Just to be clear, that $18 on average we charge, that includes our freight costs. We charge a single price to the customer, and we handle all the freight and logistics. The way that we are able to [keep prices low] is really twofold.

The first is, the traditional way that people “recycle” solar panels is they're using standard e-waste or electronics recycling equipment and putting solar panels through there. That is a very expensive thing to do, and very non-optimal, because solar panels are big. If you think about a solar panel versus a cell phone that's going through those shredders and the machines and all of that, it's very expensive.

We've designed a very unique set of recycling lines that's optimized and cost-optimized for specifically just solar panels, so it allows us to achieve a level of cost efficiency through that process. As part of that, it's a volume game. The more volumes we can get, the lower the cost of the recycling. We're running only solar panels through and nothing else, so it allows us to achieve an economy of scale that reduces costs.

Thing two is, we're getting way more value out of the panel than any traditional recycler that's doing it today that NREL is looking at. Those recyclers are not extracting and getting any value from the glass, they're not getting the metals out, like silver, because those are challenging to get. That's what our technology does. So we're able to extract more value and get more value in the marketplace so we don't have to charge as much for that takeback handling fee.

Your prices can still be higher than just landfilling a panel. Are you concerned that could exclude you from competing in the market?

What we are working on is that you will not see us charging that same takeback fee five years from now. Our plan, and what we've communicated to customers, is we will be reducing that. The way we will be reducing that is doing two things. One is, obviously, just getting costs down through engineering and scale. And second is getting more and more value extracted out of the panels so we can keep reducing that takeback fee.

Our goal is over the next decade, as these volumes grow, we will be at or near the cost of landfilling. Most of our customers, who are these big solar asset owners, they recognize that today they are paying a premium to recycle with us versus landfilling. But if they work with us and give us the volumes, that's going to allow us to lower the cost.

By the time there are larger volumes of panels, where they're decommissioning and repowering old solar power plants, we will have a very cost-effective recycling process that can compete with landfilling costs, which are only going to go up over the next decade.
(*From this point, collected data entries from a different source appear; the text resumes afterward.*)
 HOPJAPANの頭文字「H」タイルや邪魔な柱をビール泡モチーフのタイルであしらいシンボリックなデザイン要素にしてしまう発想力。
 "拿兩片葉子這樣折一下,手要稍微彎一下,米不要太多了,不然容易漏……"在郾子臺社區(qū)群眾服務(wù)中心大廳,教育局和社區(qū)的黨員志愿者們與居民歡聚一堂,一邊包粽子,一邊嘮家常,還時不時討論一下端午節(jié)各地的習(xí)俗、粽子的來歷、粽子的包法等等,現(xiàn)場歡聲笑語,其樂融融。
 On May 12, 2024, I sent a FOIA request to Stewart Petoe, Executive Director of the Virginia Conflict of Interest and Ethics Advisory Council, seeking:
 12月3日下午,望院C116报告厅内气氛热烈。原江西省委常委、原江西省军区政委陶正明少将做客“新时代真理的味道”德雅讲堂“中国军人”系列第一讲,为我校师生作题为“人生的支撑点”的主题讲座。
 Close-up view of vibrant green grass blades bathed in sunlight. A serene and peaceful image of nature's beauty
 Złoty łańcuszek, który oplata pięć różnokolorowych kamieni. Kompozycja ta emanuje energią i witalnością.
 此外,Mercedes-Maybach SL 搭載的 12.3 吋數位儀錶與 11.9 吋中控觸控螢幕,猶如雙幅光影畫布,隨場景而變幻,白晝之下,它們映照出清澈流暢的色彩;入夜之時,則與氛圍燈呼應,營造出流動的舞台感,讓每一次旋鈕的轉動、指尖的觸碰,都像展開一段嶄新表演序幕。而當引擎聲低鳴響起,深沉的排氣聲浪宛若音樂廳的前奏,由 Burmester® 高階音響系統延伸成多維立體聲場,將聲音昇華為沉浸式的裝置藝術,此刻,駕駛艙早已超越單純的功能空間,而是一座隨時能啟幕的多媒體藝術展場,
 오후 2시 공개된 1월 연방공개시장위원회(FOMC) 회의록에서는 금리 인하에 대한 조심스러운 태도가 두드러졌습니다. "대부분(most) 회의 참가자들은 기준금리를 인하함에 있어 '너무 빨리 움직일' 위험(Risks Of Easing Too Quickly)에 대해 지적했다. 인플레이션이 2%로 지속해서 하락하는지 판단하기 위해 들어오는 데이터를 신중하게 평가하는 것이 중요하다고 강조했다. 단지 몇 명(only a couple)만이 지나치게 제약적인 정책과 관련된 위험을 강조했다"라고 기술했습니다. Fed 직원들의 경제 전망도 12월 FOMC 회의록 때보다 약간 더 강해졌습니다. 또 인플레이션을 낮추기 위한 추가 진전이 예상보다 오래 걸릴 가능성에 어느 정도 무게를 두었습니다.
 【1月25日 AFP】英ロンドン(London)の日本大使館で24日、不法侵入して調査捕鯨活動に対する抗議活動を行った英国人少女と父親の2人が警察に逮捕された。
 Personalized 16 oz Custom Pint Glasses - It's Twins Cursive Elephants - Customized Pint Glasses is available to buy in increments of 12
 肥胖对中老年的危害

A strategy that has succeeded in increasing solar panel recycling rates in Europe, per NREL’s 2021 report, is extended producer responsibility laws. Would you support EPR legislation at the state or federal level for solar panels in the U.S.?

Generally we don't, and a lot of people are surprised by that. As a recycling company, you would think we would want EPR that would force recycling. I think there could be a place and time for it; I don't think now is the time and place for it.
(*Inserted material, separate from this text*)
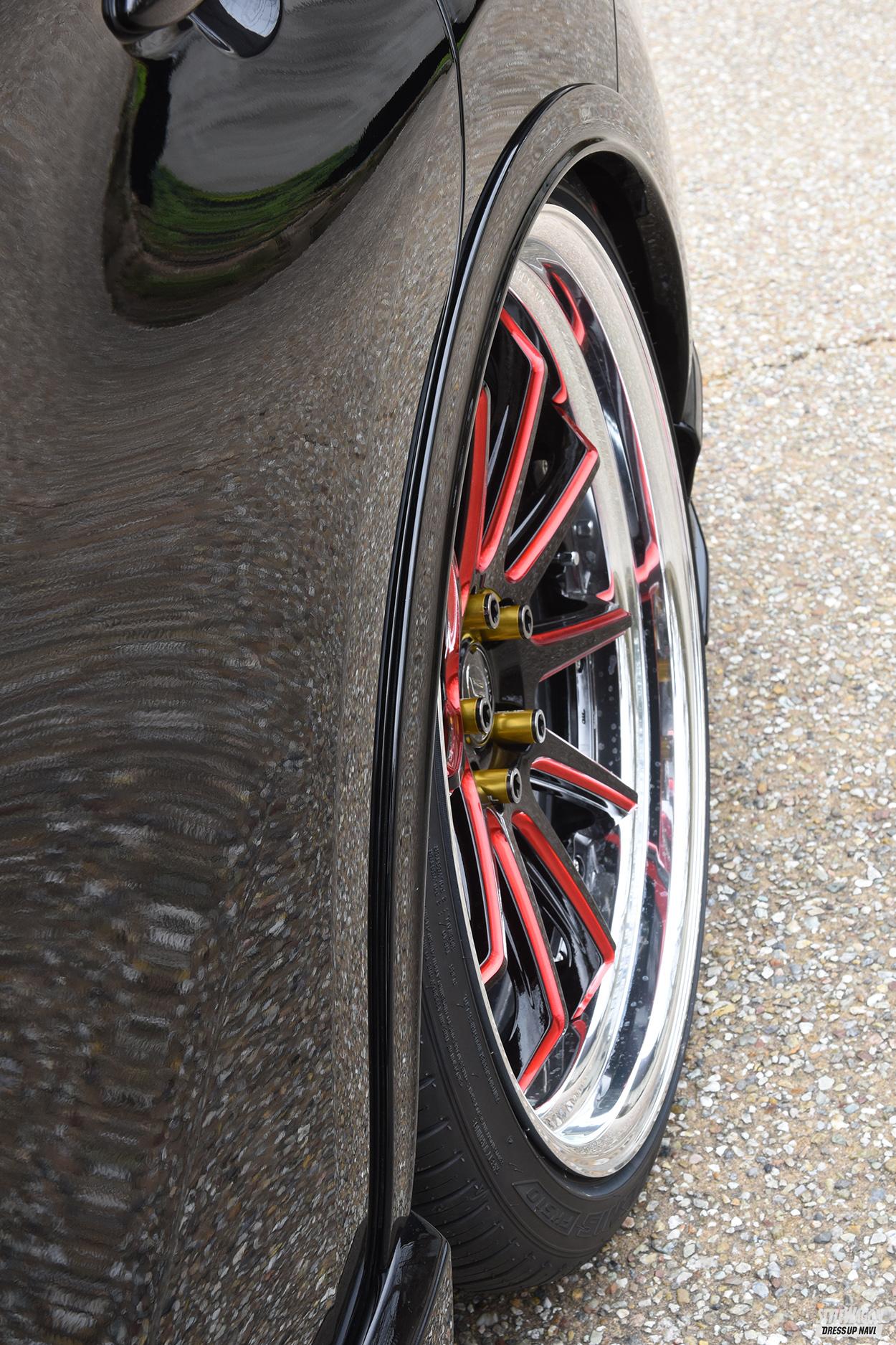 パッと見、量感がバッチリな印象なのだが、実はこのエアロ、高さは純正バンパーとほぼ変わらないサイズで設計されている。つまり装着後も満足いくだけのローダウンに挑戦できたり、ふだん乗りも快適にこなせたりと実用面でのメリットも多いのだ。
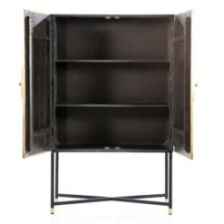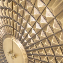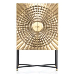 De Eleonora Noa kast is in staat een saaie woonkamer compleet te transformeren. De gouden deuren met reliëf patroon zijn het zonnetje in huis! Slanke, hoge poten geven de kast een ruimtelijk design. Berg er spelletjes in op of zet de gouden kast in de eetkamer en gebruik voor serviesgoed. In de drie ruime vakken achter de deuren kun je heel wat spullen opbergen.

Because what happened in Europe is, if you look at the details of it, all that's required is you need to recycle 85% by weight of the panel. In order to comply with the EU regulation, you have to basically strip off the aluminum frame, which is relatively easy to recycle, and you can strip off some copper cables, and you can shred and crush the rest and use it for asphalt filler. That's what recycling in Europe today is. It's low-value recycling, and because it started that way and the pricing of recycling was set that way and because you can comply, it has killed all innovation.

Today, Solarcycle is a one-year-and-three-month-old company, and we're doing way more advanced recycling for solar than anywhere in Europe today. [EPR] stifles innovation, so it became a victim of its own success. Over time, it is important to recycle these panels. There may need to be laws that come in over the next few years. But we're actually working with the industry, with the asset owners, with the manufacturers to do it in a way that can promote advanced recycling, as opposed to low-value recycling, which oftentimes happens in the EPR situation.

There's a lot of funding for the solar industry coming from some of the big climate bills that we've seen of late, including the Inflation Reduction Act most recently. Do those laws present any opportunity for the work that you do and for solar panel recycling in general?

Absolutely, there are some direct benefits that we're getting. In fact, the Department of Energy just announced some R&D grants, of which we were one of the recipients — about $1.5 million to further develop our recycling technology. There are also tax credits for manufacturing and recycling in the bill, which we will be able to take advantage of to reduce some of the costs of recycling and remanufacturing the materials, because those can get capital intensive.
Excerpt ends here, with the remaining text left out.